ADR-117 — Run neural-trader heavy jobs on the Managed Agent cloud runtime

Status: Accepted (2026-05-12) Date: 2026-05-12 Authors: claude (drafted with rUv) Related: ADR-115 (Claude Managed Agents as the cloud agent runtime — managed_agent_* MCP tools in ruflo-agent) · ruflo-neural-trader plugin (neural-trader npm — Rust/NAPI engine, 112+ MCP tools, 4 agents, 7 skills incl. the new trader-cloud-backtest) · ADR-026 (3-tier model routing) · ADR-112 (MCP tool discoverability) · #1931 (ruflo-agent / managed agents tracking) · Claude Managed Agents Supersedes: nothing

Context

ruflo-neural-trader wraps the neural-trader npm package (Rust/NAPI engine): walk-forward backtests, Monte-Carlo simulation, parameter sweeps, LSTM/Transformer/N-BEATS training, regime detection, risk metrics (VaR/CVaR, Kelly, circuit breakers).

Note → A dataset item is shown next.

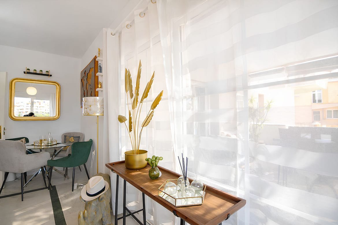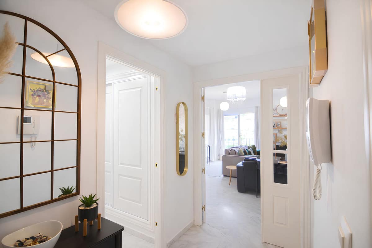 It features a spacious living room with direct access to a beautiful terrace, from which uninterrupted views of the golf course can be enjoyed, ideal for relaxing and making the most of the Costa del Sol climate.

The expensive jobs — a multi-year walk-forward with thousands of Monte-Carlo paths, a parameter sweep over a strategy grid, training a Transformer on a long history — are long-running (minutes to hours), CPU/compute-heavy, and async. Today they run one of two places:

Locally — ties up the dev box, bounded by local cores, and you can't close the laptop on a 40-minute sweep.
A WASM sandbox (wasm_agent_*) — too constrained: no Rust/NAPI native build, no multi-minute compute, no real filesystem for the data + artifacts.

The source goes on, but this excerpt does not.